Weeden continued his talk by focusing on splice modulation for the treatment of Duchenne muscular dystrophy (DMD) which is associated with the mutations in the gene encoding dystrophin. Missing exons in DMD pre-mRNA induce frameshift and early stop codon formation resulting in the absence of functional dystrophin expression.
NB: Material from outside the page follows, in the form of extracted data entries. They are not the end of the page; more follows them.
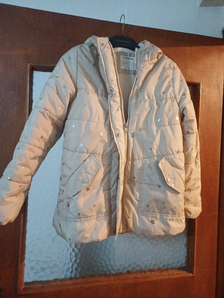 Kız çocukları için düğmeli, bej renkli, yumuşak ve sıcak kumaştan yapılmış, oturan kesim mont. Çentikli yaka ve sokak tarzı, yıldız desenli.
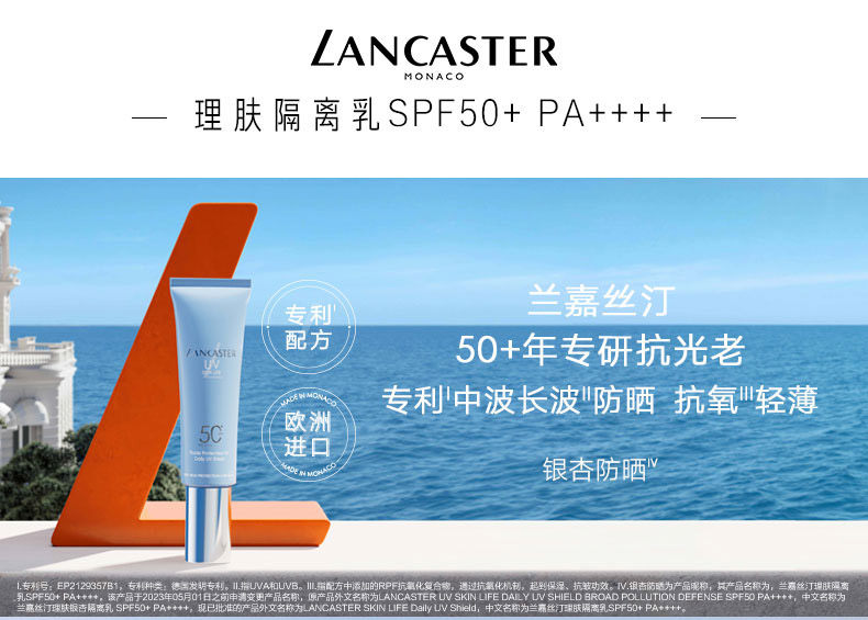 Lancaster/Lancastin Skin Care Care Ginkgo Изоляция крема изоляция молоко солнцезащитное крем
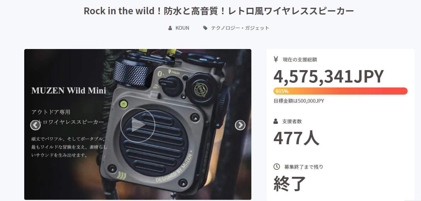 リンク:Rock in the wild!防水と高音質!レトロ風ワイヤレススピーカー - CAMPFIRE (キャンプファイヤー) (camp-fire.jp)
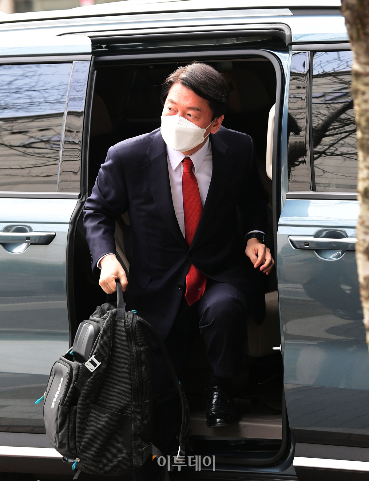 안철수 인수위원장이 15일 서울 종로구 통의동 금융감독원 연수원에 마련된 인수위 집무실에 첫 근무를 위해 출근하고 있다. 국회사진취재단
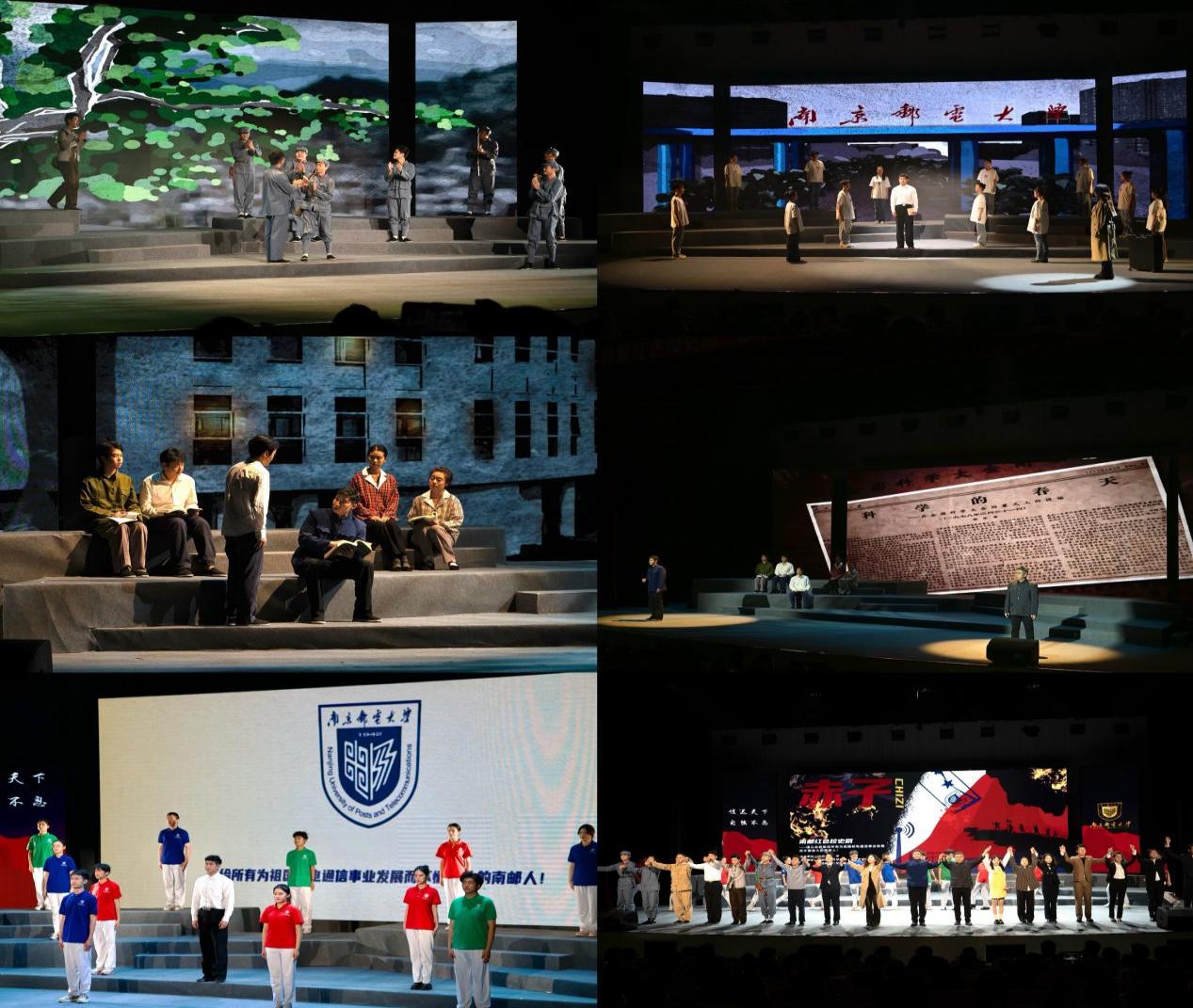 原创话剧《赤子》以抗日战争时期山东战时邮务总局局长、战邮干训班创始人赵志刚,南京邮电学院首任党委书记兼院长、老红军秦华礼,为国守岛21年的王继才式校友徐六保,隐姓埋名的“马兰三杰”校友,国际电信联盟前秘书长赵厚麟等为“主人公”,生动讲述了我校“为党育人,为国育才”的初心使命和“永远跟党走”的坚定信念。话剧通过沉浸式的实践教学方式,将学生代入角色、带入剧本、带入剧情中,在表演过程中受到潜移默化的影响,激发起青年学生的爱国情和报国志,激励他们将青春奋斗融入党和人民事业,接续书写新时代的青春答卷。
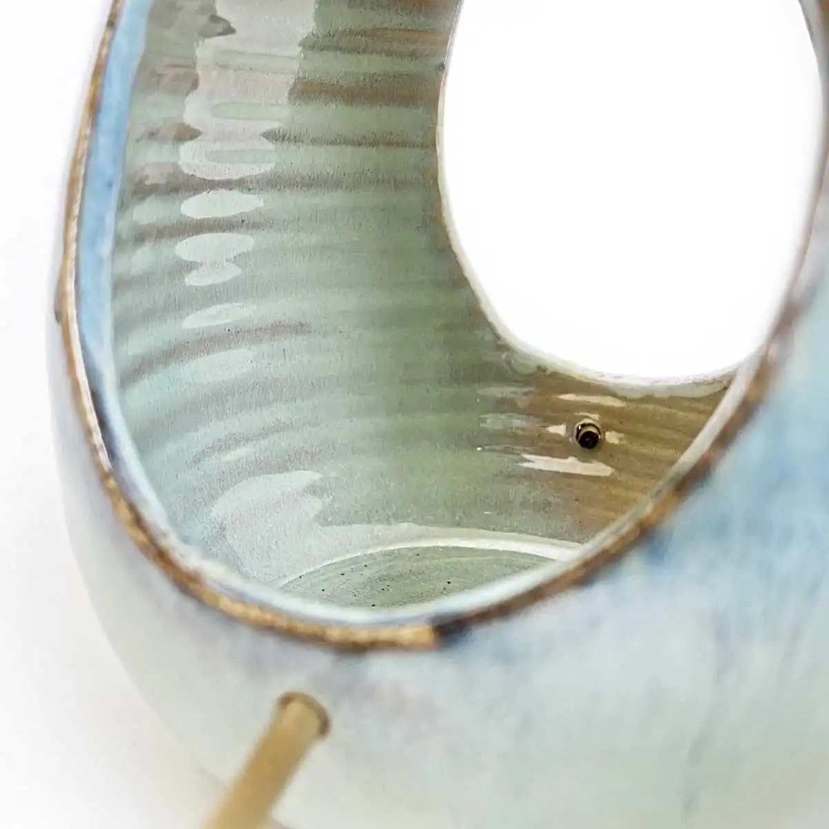 Cette jolie mangeoire en grès émaillé est fabriquée à la main par une artisane française. Polyvalente, elle est équipée d'une attache en fer pour être suspendue, à une branche par exemple. Elle peut aussi bien être posée dans le jardin, sur une table ou au sol.
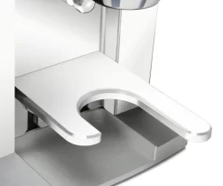 A small touchscreen display keeps everything neat and simple with the option to choose between a single dose, double dose, triple dose, or manual dosing. Visually, the display has a clean design and all UI elements are arranged for easy reading. For hands-free grinding, you can just leave the portafilter in the holder, press your desired amount, and watch the Faustino dispense fluffy grounds from the chute. You can easily adjust your grind settings for a single, double, or triple dose down to 1/10 of a second. Plus, the continuous grind button allows you to manually grind when you’re trying to find the right timing while dialing in or if you need to top off your grounds.
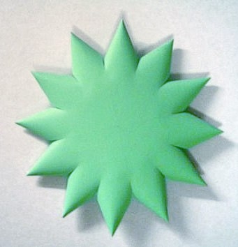 Таким же способом мы в 80-тые на Новый год делали обьемные шары.Вырезаются одного диаметра 10-12 кругов.Разрезается почти до середины.Также сворачиваются кончики,только поуже.Затем нанизываются на иголку с ниткой по середине все круги и затягиваются. И готов красивый шар.

Phosphorodiamidate morpholino oligomer (PMO) treatment via FORCE platform for exon skipping resulted in truncation of pre-mRNA allowing the expression of truncated but functional dystrophin protein.
Pharmacokinetic profiling studies on mouse model lacking dystrophin expression indicated a rapid uptake of ASOs into muscle tissue, a slightly delayed exon skipping, and a further delay in protein production. They also demonstrated the robustness and the durability of the strategy by western blot and dystrophin-positive fibers via fluorescent microscopy analysis. They compared the delivery efficiency of naked ASOs and their candidate DYNE-251 in NHPs and indicated that they achieved over 40 times greater amount of PMO in the muscle tissue of the animals. They also demonstrated safety profile of their candidate in NHPs and promising results reaching up to 52% exon skipping efficiency in diaphragm. Weeden explained that the FORCE platform enables targeted delivery of therapeutic oligonucleotides to muscle with considerable efficiencies demonstrated in in vivo and in vitro studies. They achieved efficient target modification across preclinical disease models for DM1 and DMD, and were able to target and correct toxic and dysfunctional proteins produced as a result of mutations. Additionally, enhanced muscle delivery, target engagement and a favorable safety profile have been shown in various studies.